UK paperback

Cover

Evade, then invade

According to the newly released minutes of his January 2003 meeting with George W. Bush (detailed in the new edition of Philippe Sands’s excellent book, Lawless World), Tony Blair said that:

a second Security Council resolution would provide an insurance policy against the unexpected, and international cover, including with the Arabs.

“International cover” is an evocative phrase. What was meant by it? “Cover” has various interrelated military meanings. It can be covering fire, as when a soldier shoots at the enemy in order to distract from his comrade’s movements. It can be a place to evade fire, a nook or ditch or wall. Or it can be a cover story: the fictional role of someone who is actually an espionage agent, as in the cover of CIA proliferation investigator Valerie Plame that was deliberately blown by a spiteful US administration, even after the CIA had already told Dick Cheney that the story of Iraq seeking Nigerian yellowcake uranium was untrue.

So why did Bush and Blair talk about “international cover”?


Did it reflect a plan to adopt an offensive firing position so as to suppress the enemy’s response, as eventually happened with the cynical mistranslation of Jacques Chirac’s words when the UK and US blamed France for the failure to get a second UN resolution? Or was it an appeal to the idea of a “cover story”, a fictional identity or “legend”, as spy novelists tell us they say in the trade? Perhaps the two leaders were seduced by a glamorous vision of themselves as a pair of hard-boiled James Bonds, saving the world one war at a time.

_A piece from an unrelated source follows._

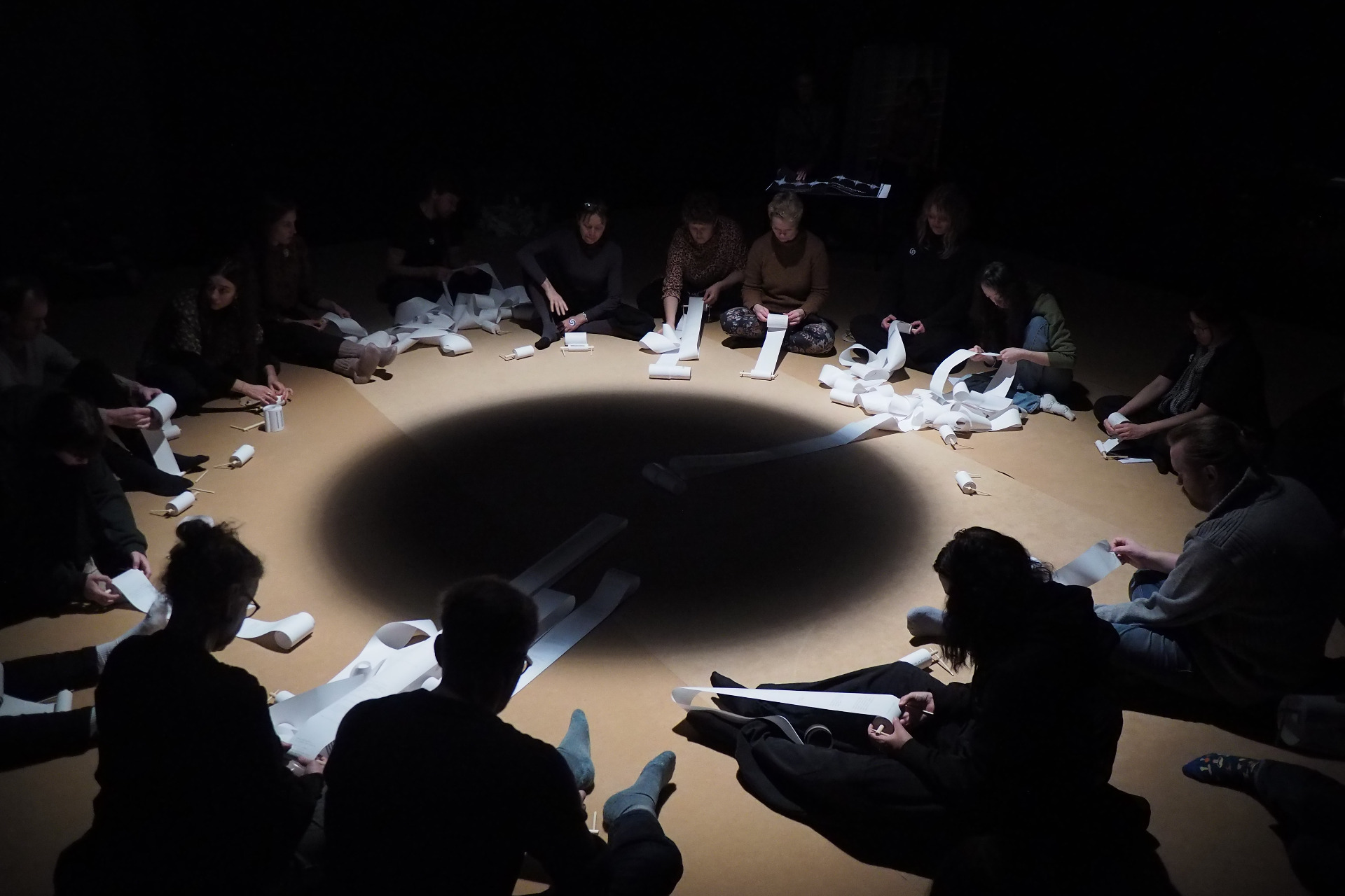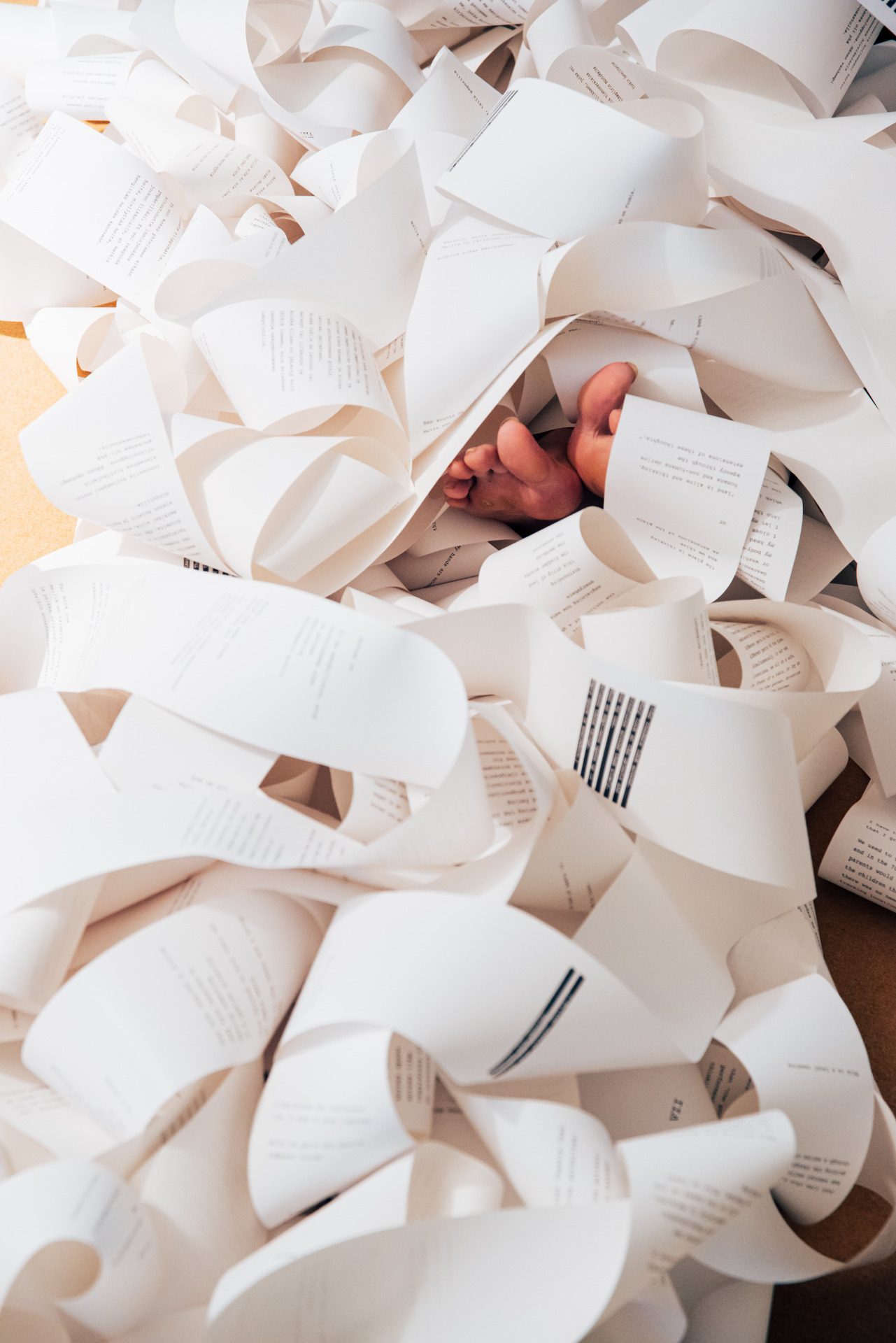 Time and Place takes the form of paper rolls mounted on wooden reading devices made out of a piece of circular board and chopsticks. The paper rolls are unwound when being read, leaving a stream of paper in the performance space.

Lucky, then, that “the Arabs” would be so easily fooled by this “cover”. Subsequent events proved just how easy it was to pull the wool over the eyes of “the Arabs”: who among them, after all, ever doubted Bush’s and Blair’s sincerity?

Or perhaps “cover” meant a rhetorical shelter from the sniping of war critics. It is good, no doubt, that Bush and Blair wanted to place themselves out of the line of fire. Democratic dissent is surely the enemy of freedom. But perhaps there were some Iraqi civilians who wished just as devoutly for “cover” once the bombs of “Shock and Awe” began to fall.